Problem to solve
Exact transcription, pictures omitted: begin at the top line of the records below and end with the line bearing "阿扎尔写道:回家并见到切尔西大家庭的成员总是很开心,感谢你们的热烈欢迎!".

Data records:
┌──

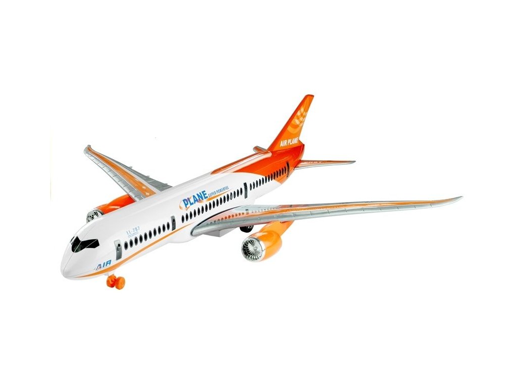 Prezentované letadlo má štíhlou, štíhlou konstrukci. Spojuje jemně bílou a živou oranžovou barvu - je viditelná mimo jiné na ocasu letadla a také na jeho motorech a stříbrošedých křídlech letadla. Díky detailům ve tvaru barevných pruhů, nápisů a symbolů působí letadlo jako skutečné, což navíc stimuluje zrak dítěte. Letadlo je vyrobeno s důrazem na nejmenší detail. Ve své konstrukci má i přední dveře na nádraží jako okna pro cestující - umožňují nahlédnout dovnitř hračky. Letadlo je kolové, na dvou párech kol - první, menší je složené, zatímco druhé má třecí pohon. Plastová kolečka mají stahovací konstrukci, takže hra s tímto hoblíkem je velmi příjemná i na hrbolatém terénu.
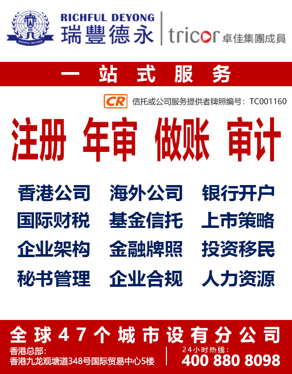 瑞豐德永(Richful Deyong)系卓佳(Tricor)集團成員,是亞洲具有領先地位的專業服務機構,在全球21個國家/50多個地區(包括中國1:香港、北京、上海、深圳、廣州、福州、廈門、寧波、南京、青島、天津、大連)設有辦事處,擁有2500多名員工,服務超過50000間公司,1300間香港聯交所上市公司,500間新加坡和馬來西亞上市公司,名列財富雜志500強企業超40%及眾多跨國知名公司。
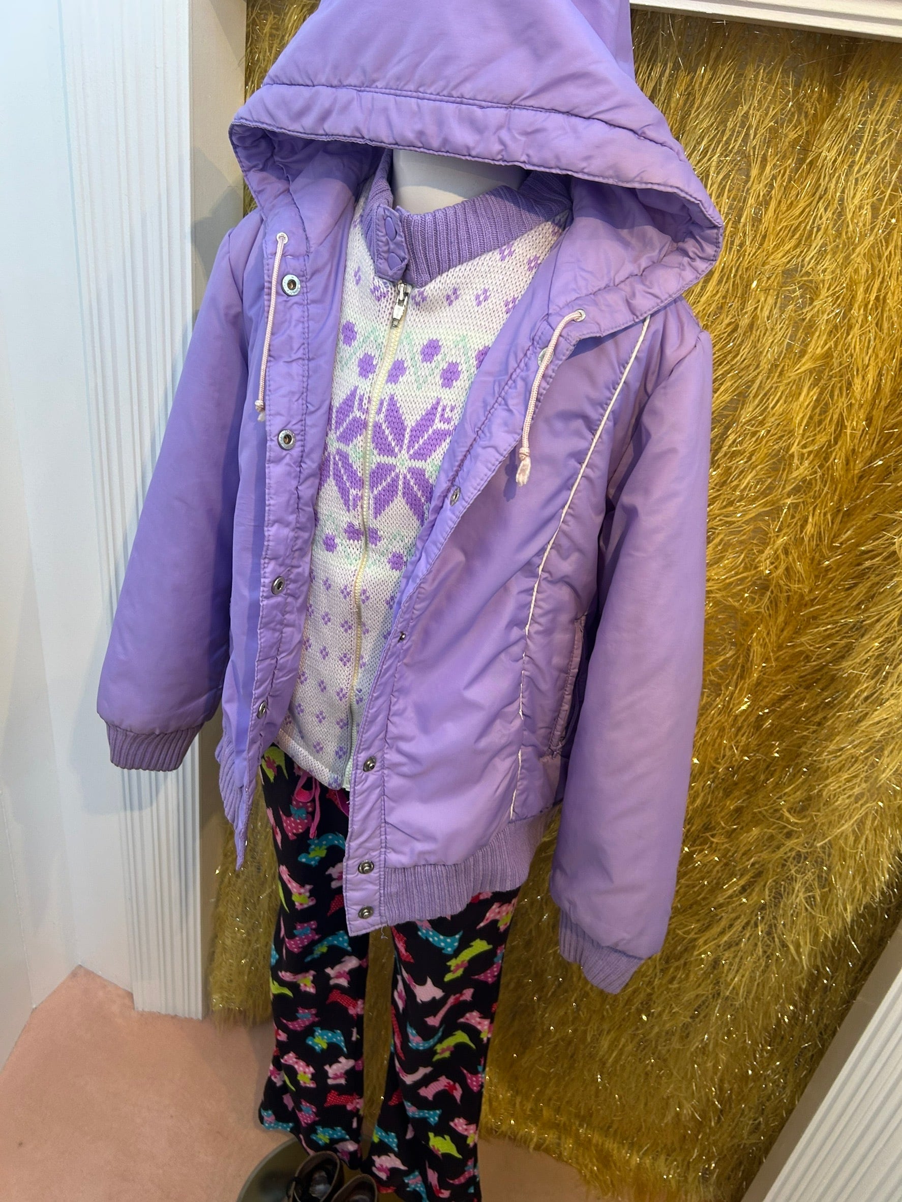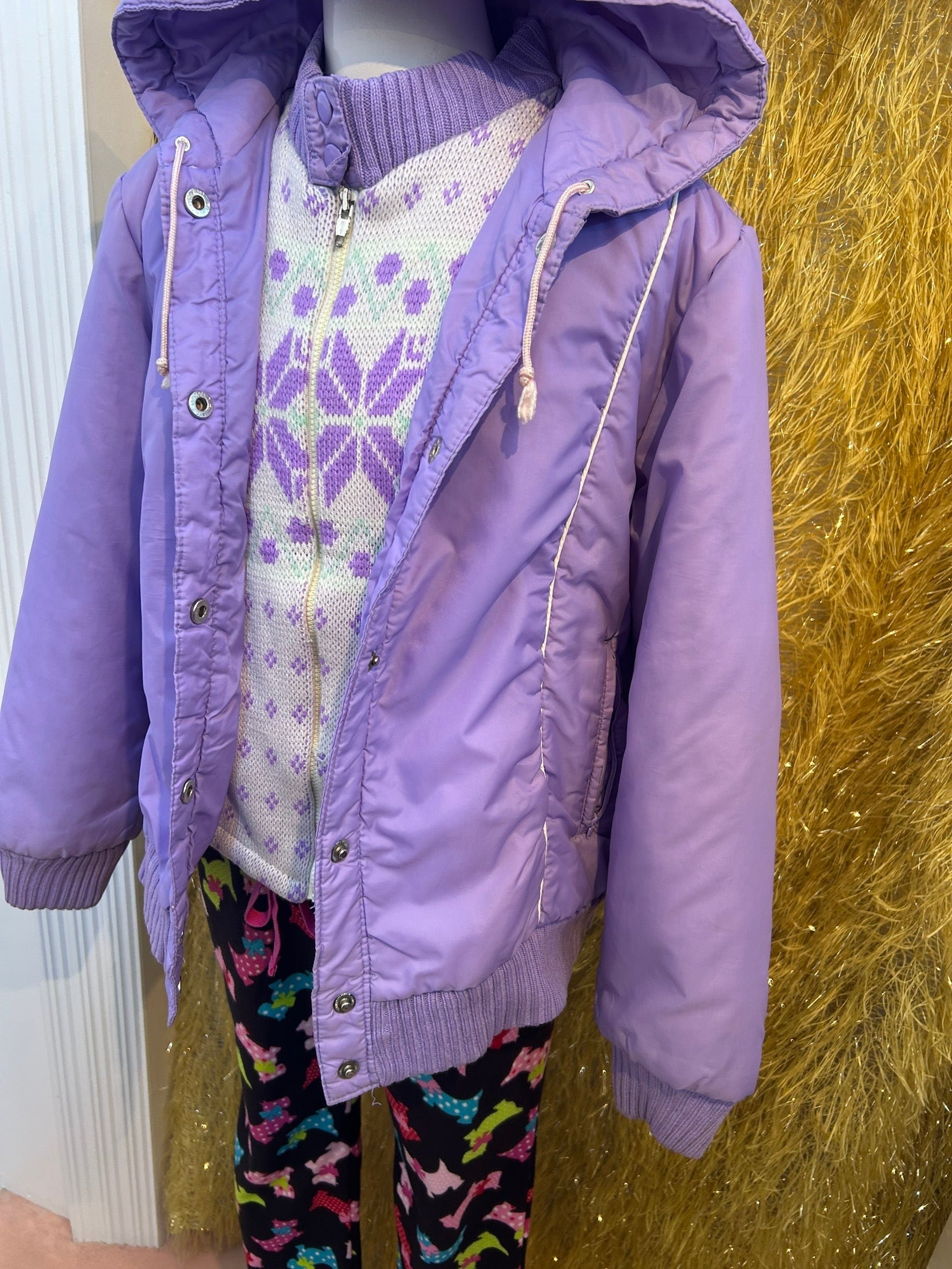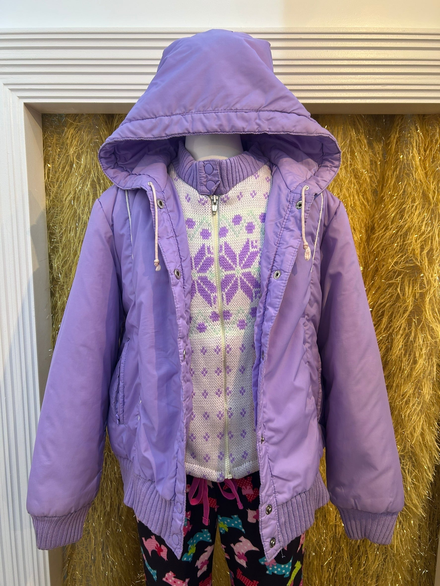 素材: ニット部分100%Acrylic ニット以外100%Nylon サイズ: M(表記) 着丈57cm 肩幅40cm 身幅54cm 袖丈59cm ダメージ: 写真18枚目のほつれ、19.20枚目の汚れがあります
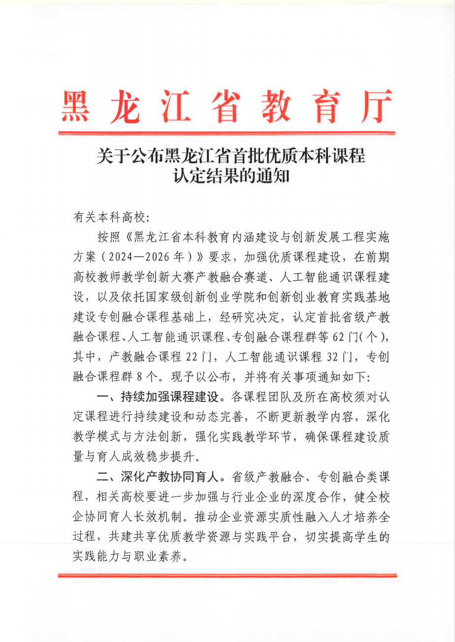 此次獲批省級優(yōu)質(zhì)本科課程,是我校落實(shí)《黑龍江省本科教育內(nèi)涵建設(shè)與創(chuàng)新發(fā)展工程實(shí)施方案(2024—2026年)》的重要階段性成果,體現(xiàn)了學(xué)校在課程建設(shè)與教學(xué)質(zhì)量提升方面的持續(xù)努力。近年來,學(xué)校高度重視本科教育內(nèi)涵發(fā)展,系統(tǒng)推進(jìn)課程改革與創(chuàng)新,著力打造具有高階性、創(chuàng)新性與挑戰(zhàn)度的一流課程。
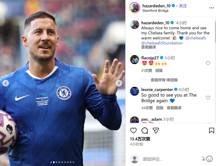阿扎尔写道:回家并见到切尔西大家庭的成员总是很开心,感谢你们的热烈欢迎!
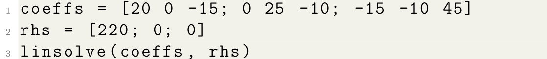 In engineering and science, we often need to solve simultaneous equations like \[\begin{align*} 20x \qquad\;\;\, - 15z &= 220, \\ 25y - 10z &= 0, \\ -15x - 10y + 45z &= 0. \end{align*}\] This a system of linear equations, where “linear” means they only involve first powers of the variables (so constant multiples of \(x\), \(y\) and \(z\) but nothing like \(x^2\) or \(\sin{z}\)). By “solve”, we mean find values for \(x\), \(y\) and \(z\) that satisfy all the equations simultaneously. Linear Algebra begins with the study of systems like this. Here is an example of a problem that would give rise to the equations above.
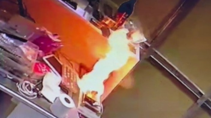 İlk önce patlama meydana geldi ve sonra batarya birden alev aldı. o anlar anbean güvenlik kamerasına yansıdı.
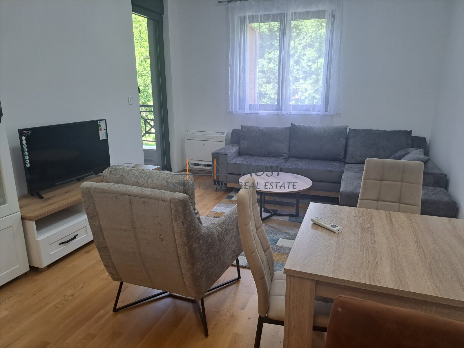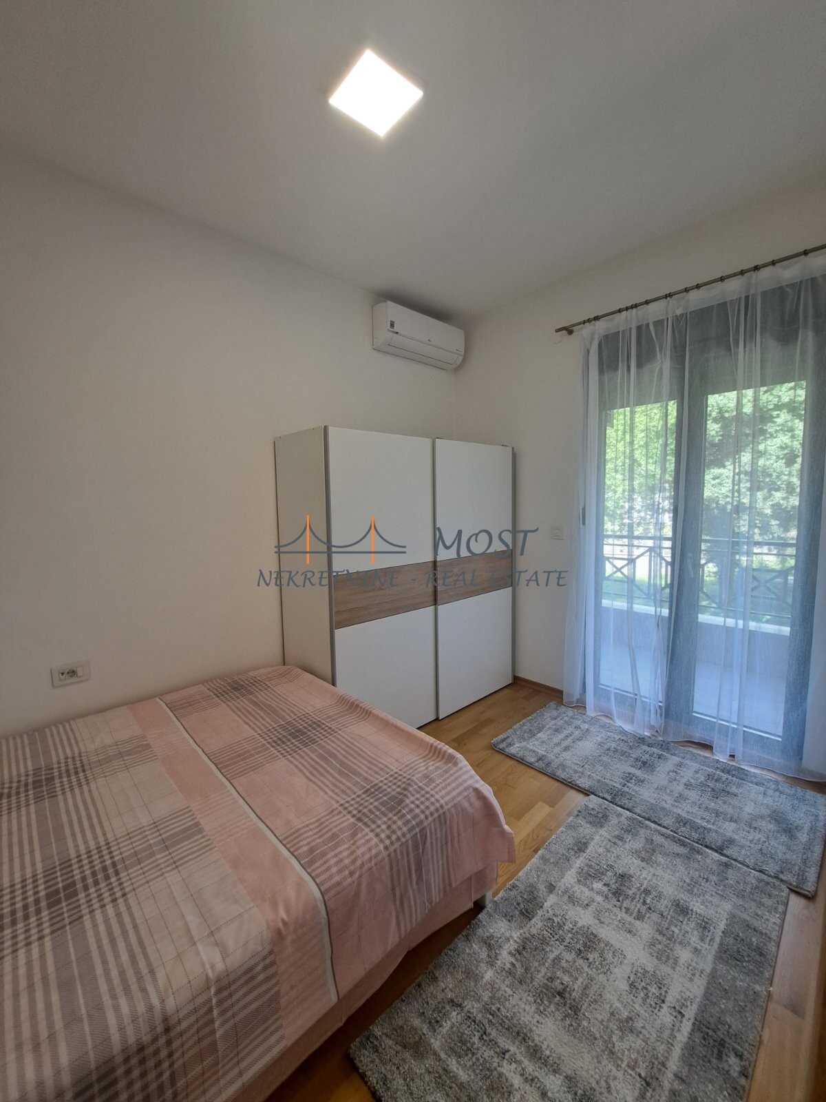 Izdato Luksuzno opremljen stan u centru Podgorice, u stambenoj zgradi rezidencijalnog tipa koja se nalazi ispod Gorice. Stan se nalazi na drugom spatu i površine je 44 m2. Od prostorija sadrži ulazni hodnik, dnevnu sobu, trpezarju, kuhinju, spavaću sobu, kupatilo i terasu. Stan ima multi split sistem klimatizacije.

└──

Solved exercise
 Prezentované letadlo má štíhlou, štíhlou konstrukci. Spojuje jemně bílou a živou oranžovou barvu - je viditelná mimo jiné na ocasu letadla a také na jeho motorech a stříbrošedých křídlech letadla. Díky detailům ve tvaru barevných pruhů, nápisů a symbolů působí letadlo jako skutečné, což navíc stimuluje zrak dítěte. Letadlo je vyrobeno s důrazem na nejmenší detail. Ve své konstrukci má i přední dveře na nádraží jako okna pro cestující - umožňují nahlédnout dovnitř hračky. Letadlo je kolové, na dvou párech kol - první, menší je složené, zatímco druhé má třecí pohon. Plastová kolečka mají stahovací konstrukci, takže hra s tímto hoblíkem je velmi příjemná i na hrbolatém terénu.
 瑞豐德永(Richful Deyong)系卓佳(Tricor)集團成員,是亞洲具有領先地位的專業服務機構,在全球21個國家/50多個地區(包括中國1:香港、北京、上海、深圳、廣州、福州、廈門、寧波、南京、青島、天津、大連)設有辦事處,擁有2500多名員工,服務超過50000間公司,1300間香港聯交所上市公司,500間新加坡和馬來西亞上市公司,名列財富雜志500強企業超40%及眾多跨國知名公司。
 素材: ニット部分100%Acrylic ニット以外100%Nylon サイズ: M(表記) 着丈57cm 肩幅40cm 身幅54cm 袖丈59cm ダメージ: 写真18枚目のほつれ、19.20枚目の汚れがあります
 此次獲批省級優(yōu)質(zhì)本科課程,是我校落實(shí)《黑龍江省本科教育內(nèi)涵建設(shè)與創(chuàng)新發(fā)展工程實(shí)施方案(2024—2026年)》的重要階段性成果,體現(xiàn)了學(xué)校在課程建設(shè)與教學(xué)質(zhì)量提升方面的持續(xù)努力。近年來,學(xué)校高度重視本科教育內(nèi)涵發(fā)展,系統(tǒng)推進(jìn)課程改革與創(chuàng)新,著力打造具有高階性、創(chuàng)新性與挑戰(zhàn)度的一流課程。
阿扎尔写道:回家并见到切尔西大家庭的成员总是很开心,感谢你们的热烈欢迎!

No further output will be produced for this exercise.